A while back I wrote a rant about creating a blog page to post my rants: therantbot.blogspot.com. therantbot.wordpress.com
During the rant I listed a bunch of sites I would liked to have called mine, but apparently I was a little too late to the blog scene and they were all taken. I chose not to list one of the names which I also considered using. The reason I didn’t list it was because I felt that this name could have ruined my reputation, destroyed my image and ended my very existence! Ok, maybe I’m being a little dramatic. But you’ll soon find out why.
The name of that site: randypersaud.blogspot.com
Randy Persaud. My arch nemesis.
The self proclaimed writer, director and producer…self proclaimed because he is not listed on the all knowing imdb.com, so I guess we have to take his word for it. It wouldn’t be so bad if he used the site for posting pics or for coming out of the closet, but no, he uses it for ranting. Ain’t that a bitch. I tried reading some of it, but his posts were like novels and shortly lost interest after the first few sentences. I welcome anyone who would like to read and give me a summary of what this guy is all about. However keep in mind that he is not me so when you start to get annoyed, don’t take it out on me.

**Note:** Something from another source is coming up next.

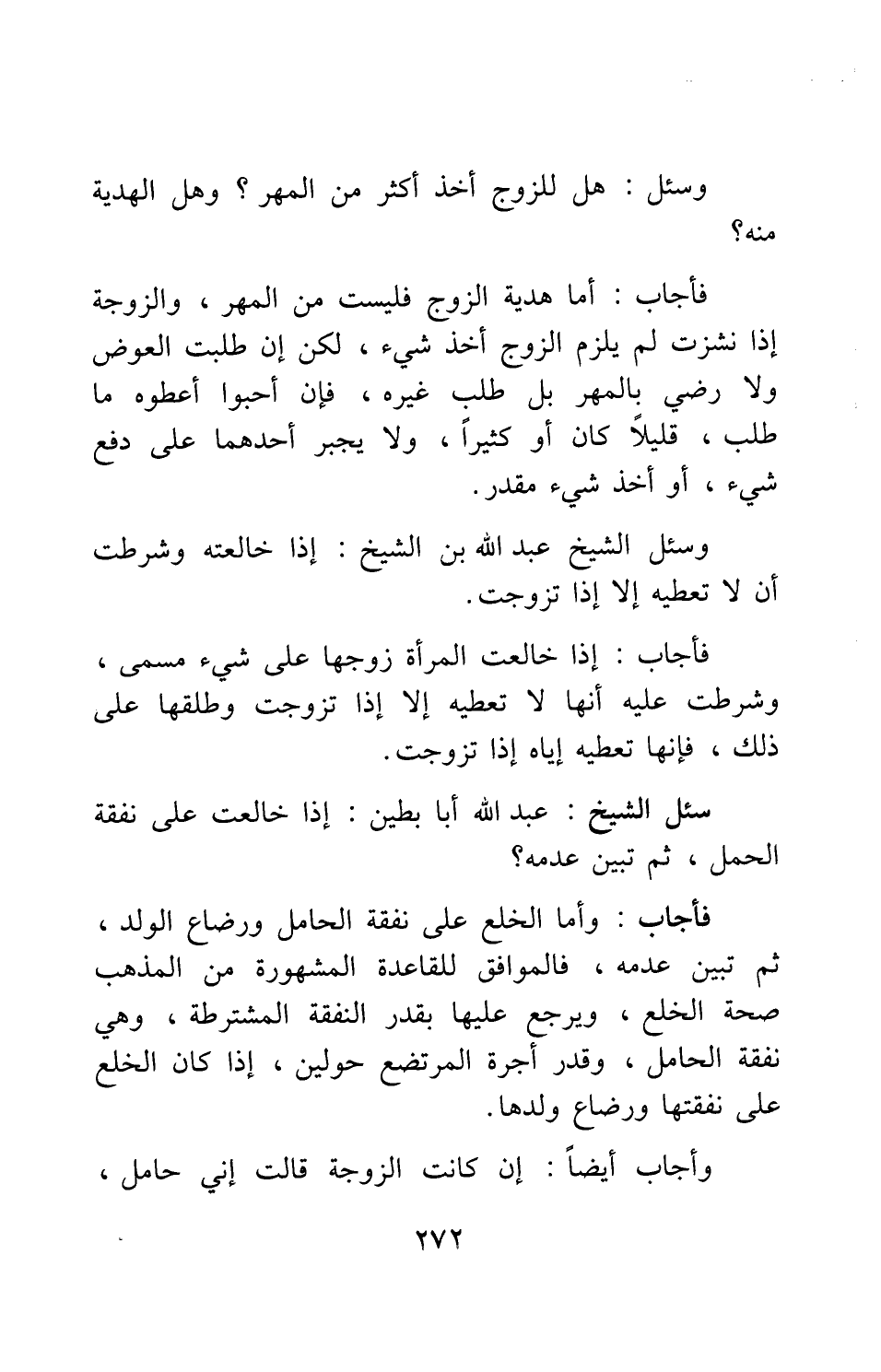 فأجاب: أما هدية الزوج فليست من المهر، والزوجة إذا نشزت لم يلزم الزوج أخذ شيء، لكن إن طلبت العوض ولا رضي بالمهر بل طلب غيره، فإن أحبوا أعطوه ما طلب، قليلاً كان أو كثيراً، ولا يجبر أحدهما على دفع شيء أو أخذ شيء مقدر.
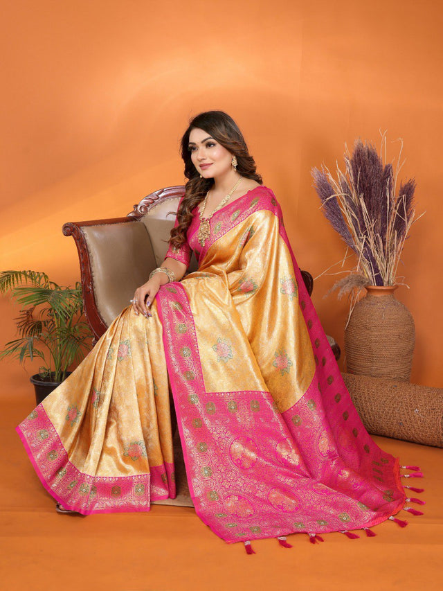 Classic Banarasi Silk Yellow & Pink Color Saree

The thing that pushed him to the top of my arch nemesis list (nemelist?), only to surpass the GO train, was the time when I was trying to create a twitter account so that I could stalk this chick…follow someone…what? I said follow someone. Anyways, as you probably already guessed…
This guy must have taken Arch Nemesees 101 because he knows that the first thing to being a good arch nemesis is to always be one step ahead of…whatever the opposite of nemesis is…the protagonist?…also be as much of a douche bag as possible. Dying your hair blond is a start. Especially if you’re brown.
What pisses me off even more is the fact that he almost has 2,000 followers!!! Honestly, who tell hell cares if you’re “doing laundry…oh the joy!” And is it normal to tweet every 5 minutes? If I wanted to know what you were doing every 5 minutes, I’d call you.
Perhaps I’m being a little too harsh…I mean, what if this guy really isn’t that bad of a guy? Can you imagine if we were friends? Can you imagine? The power of two Randy Persaud’s…we would be unstoppable! Wouldn’t it be crazy that if somewhere down the road of life, I find out that we are actually related? That would make THE most awkward family reunion EVER. Perhaps I shouldn’t publish this…too late. I hope he doesn’t sue me for posting his pic.